There were 115 households, out of which 21.7% had children under the age of 18 living with them, 39.1% were married couples living together, 17.4% had a female householder with no husband present, and 39.1% were non-families. 36.5% of all households were made up of individuals, and 16.5% had someone living alone who was 65 years of age or older. The average household size was 2.11 and the average family size was 2.66.

In the town, the population was spread out, with 19.8% under the age of 18, 8.2% from 18 to 24, 28.0% from 25 to 44, 25.5% from 45 to 64, and 18.5% who were 65 years of age or older. The median age was 41 years. For every 100 females, there were 82.7 males. For every 100 females age 18 and over, there were 77.3 males.

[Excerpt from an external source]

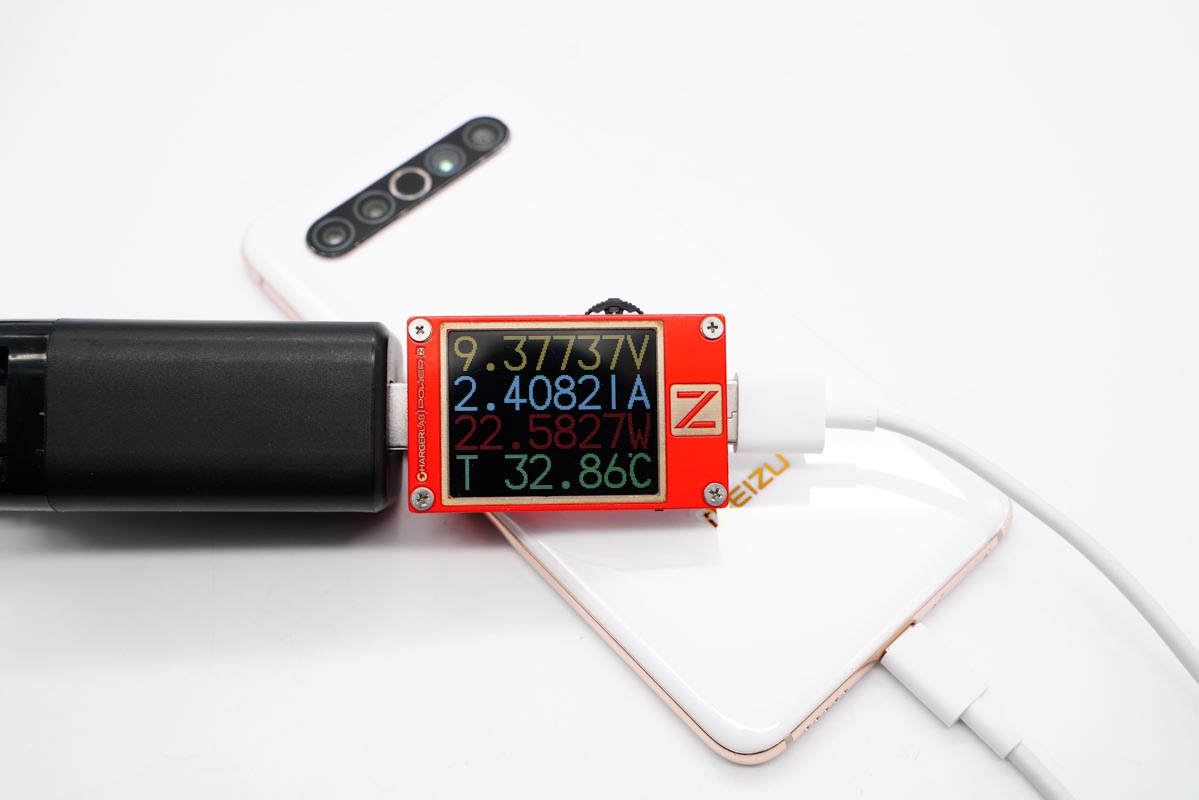 USB-A为魅族17 Pro充电时可以提供22W以上的快充功率。

The median income for a household in the town was $29,583, and the median income for a family was $31,250. Males had a median income of $30,278 versus $15,625 for females. The per capita income for the town was $20,929. About 27.4% of families and 32.1% of the population were below the poverty line, including 40.0% of those under the age of eighteen and 28.9% of those 65 or over.